(Task objective) From the records below, transcribe only the lines running from the one with "コマ画像を保存中は、デジカメ" through the one with "Timeless architecture plus". Keep both of those end lines.

(Beginning of The input)

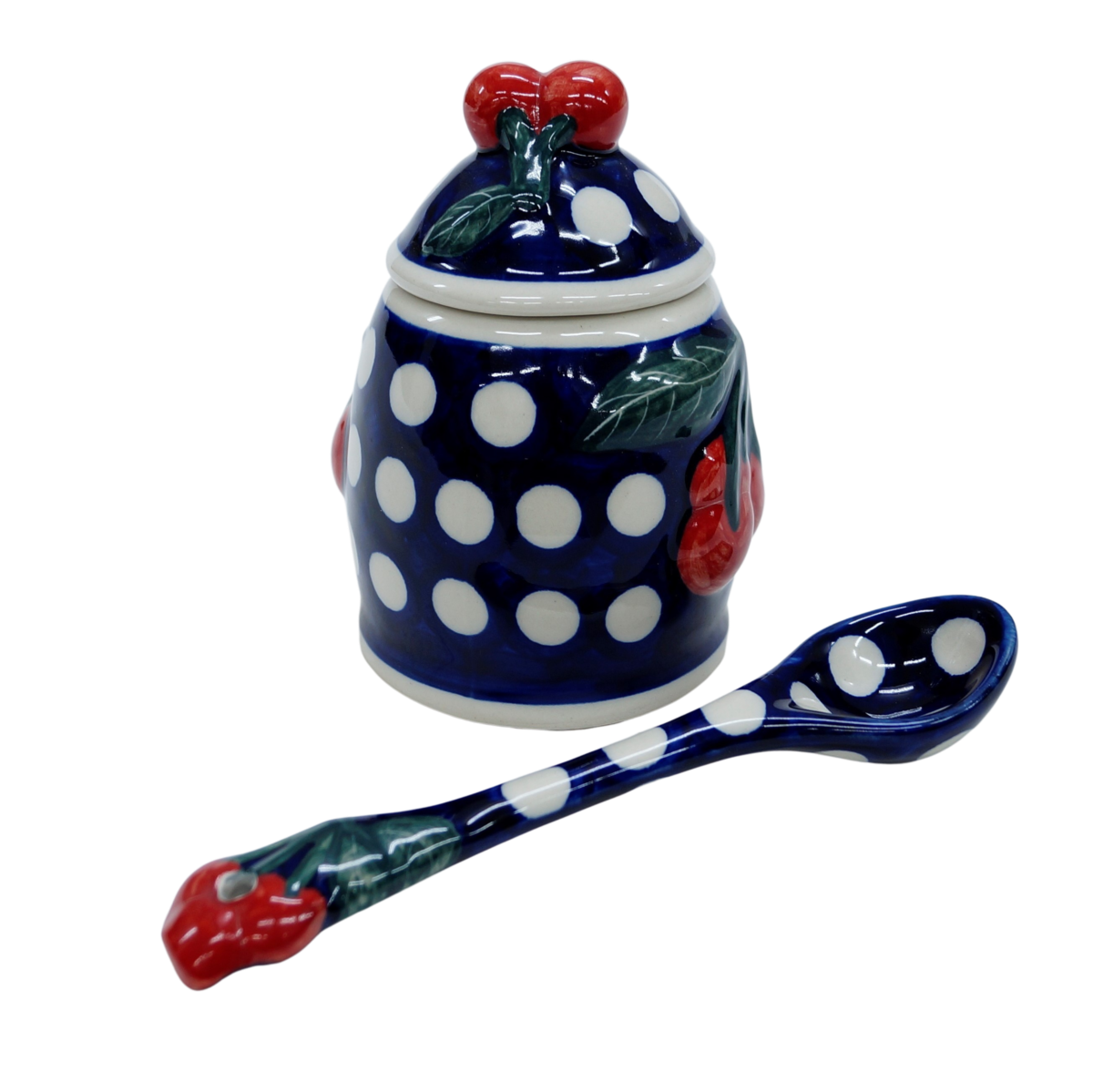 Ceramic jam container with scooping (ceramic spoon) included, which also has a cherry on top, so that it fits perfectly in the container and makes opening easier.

(End of The input)
(Beginning of The input)

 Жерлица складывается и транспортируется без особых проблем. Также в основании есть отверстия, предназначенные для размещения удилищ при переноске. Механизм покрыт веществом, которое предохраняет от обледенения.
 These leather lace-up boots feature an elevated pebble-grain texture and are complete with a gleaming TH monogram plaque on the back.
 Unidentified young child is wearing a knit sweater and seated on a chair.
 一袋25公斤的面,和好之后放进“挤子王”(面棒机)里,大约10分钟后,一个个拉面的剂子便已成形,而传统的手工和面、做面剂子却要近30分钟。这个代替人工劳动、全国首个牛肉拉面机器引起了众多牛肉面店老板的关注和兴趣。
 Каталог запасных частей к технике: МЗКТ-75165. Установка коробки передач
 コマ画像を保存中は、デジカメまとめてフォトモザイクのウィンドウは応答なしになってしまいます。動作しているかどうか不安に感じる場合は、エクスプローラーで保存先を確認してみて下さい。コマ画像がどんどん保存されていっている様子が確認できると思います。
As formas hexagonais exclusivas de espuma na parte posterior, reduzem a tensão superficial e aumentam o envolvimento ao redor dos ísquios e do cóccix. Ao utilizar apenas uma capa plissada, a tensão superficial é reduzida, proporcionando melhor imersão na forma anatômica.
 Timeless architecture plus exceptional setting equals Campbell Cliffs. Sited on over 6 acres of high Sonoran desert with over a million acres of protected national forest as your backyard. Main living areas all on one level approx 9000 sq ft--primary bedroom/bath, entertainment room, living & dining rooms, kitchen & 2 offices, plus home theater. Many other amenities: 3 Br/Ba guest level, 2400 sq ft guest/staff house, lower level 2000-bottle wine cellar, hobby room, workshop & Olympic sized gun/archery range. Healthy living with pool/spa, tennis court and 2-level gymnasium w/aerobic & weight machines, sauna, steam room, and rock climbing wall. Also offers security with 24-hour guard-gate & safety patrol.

(End of The input)
(Beginning of The input)

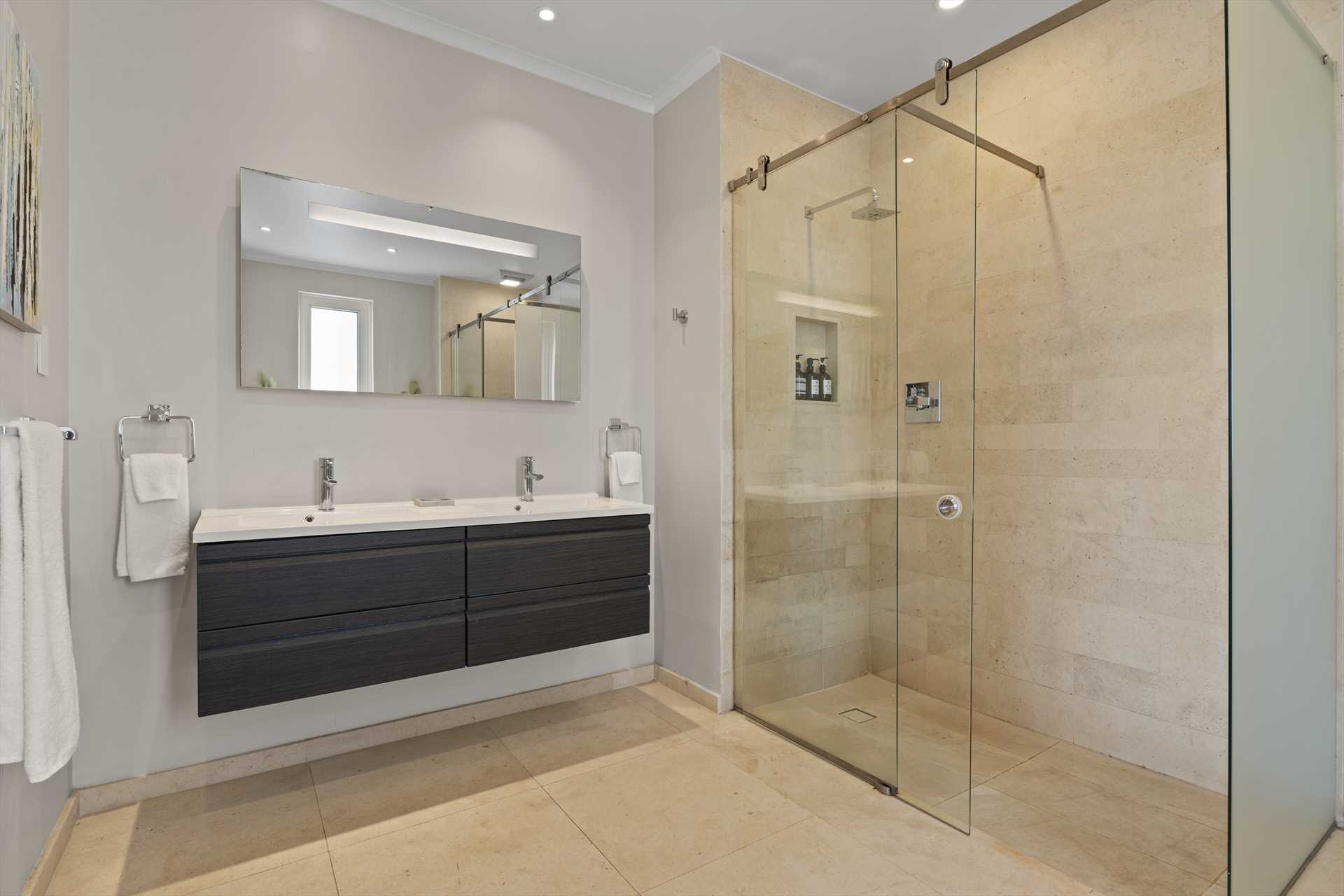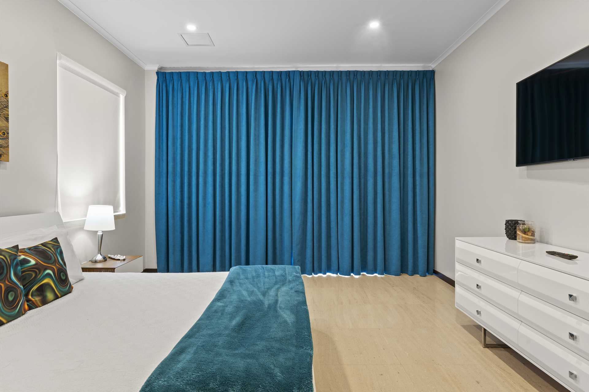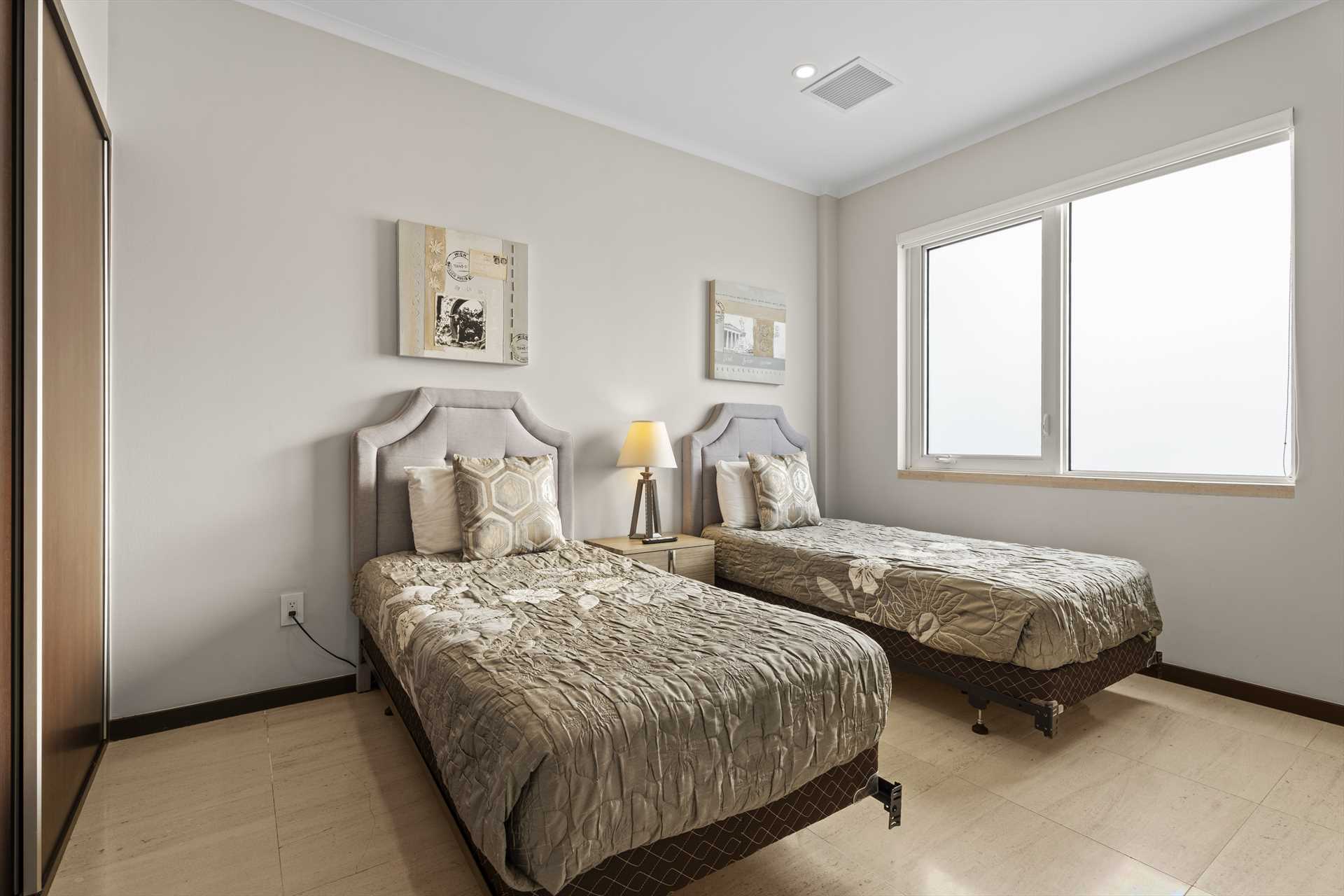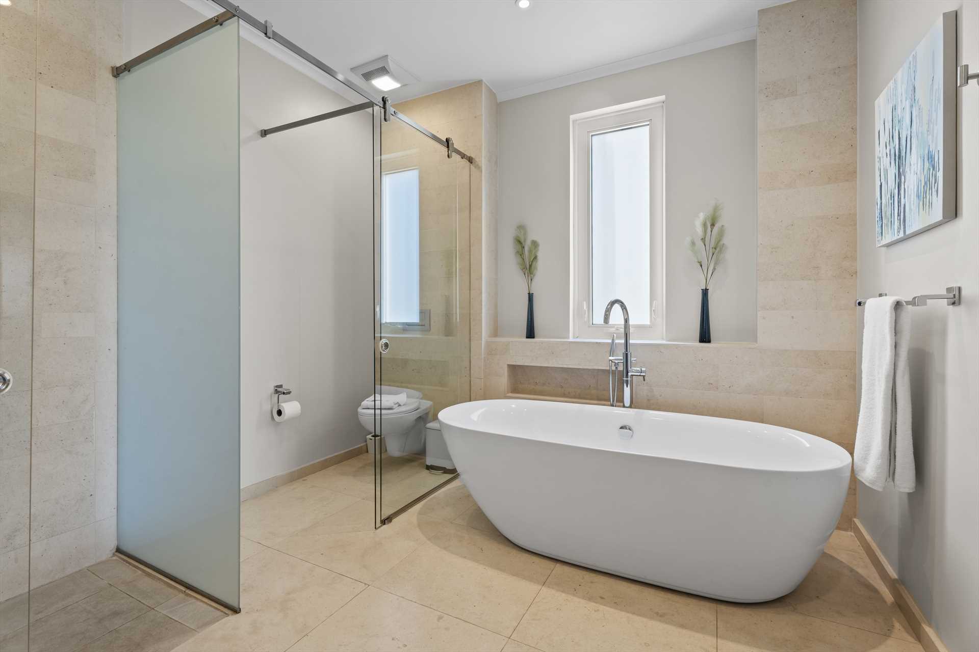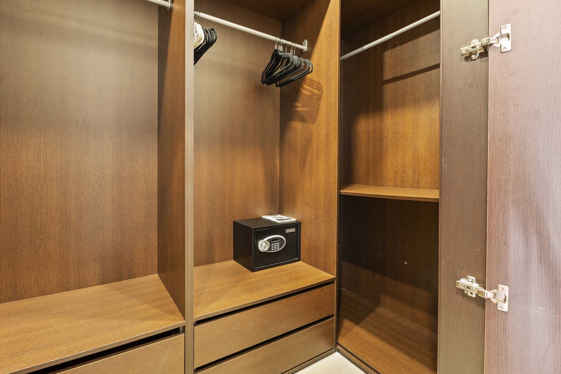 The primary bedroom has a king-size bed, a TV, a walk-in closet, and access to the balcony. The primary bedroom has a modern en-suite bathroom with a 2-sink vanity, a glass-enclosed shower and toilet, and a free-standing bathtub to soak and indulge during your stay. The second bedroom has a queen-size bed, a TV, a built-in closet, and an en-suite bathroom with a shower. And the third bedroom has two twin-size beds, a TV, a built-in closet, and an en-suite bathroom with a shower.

(End of The input)

(Exercise solution)
 コマ画像を保存中は、デジカメまとめてフォトモザイクのウィンドウは応答なしになってしまいます。動作しているかどうか不安に感じる場合は、エクスプローラーで保存先を確認してみて下さい。コマ画像がどんどん保存されていっている様子が確認できると思います。
As formas hexagonais exclusivas de espuma na parte posterior, reduzem a tensão superficial e aumentam o envolvimento ao redor dos ísquios e do cóccix. Ao utilizar apenas uma capa plissada, a tensão superficial é reduzida, proporcionando melhor imersão na forma anatômica.
 Timeless architecture plus exceptional setting equals Campbell Cliffs. Sited on over 6 acres of high Sonoran desert with over a million acres of protected national forest as your backyard. Main living areas all on one level approx 9000 sq ft--primary bedroom/bath, entertainment room, living & dining rooms, kitchen & 2 offices, plus home theater. Many other amenities: 3 Br/Ba guest level, 2400 sq ft guest/staff house, lower level 2000-bottle wine cellar, hobby room, workshop & Olympic sized gun/archery range. Healthy living with pool/spa, tennis court and 2-level gymnasium w/aerobic & weight machines, sauna, steam room, and rock climbing wall. Also offers security with 24-hour guard-gate & safety patrol.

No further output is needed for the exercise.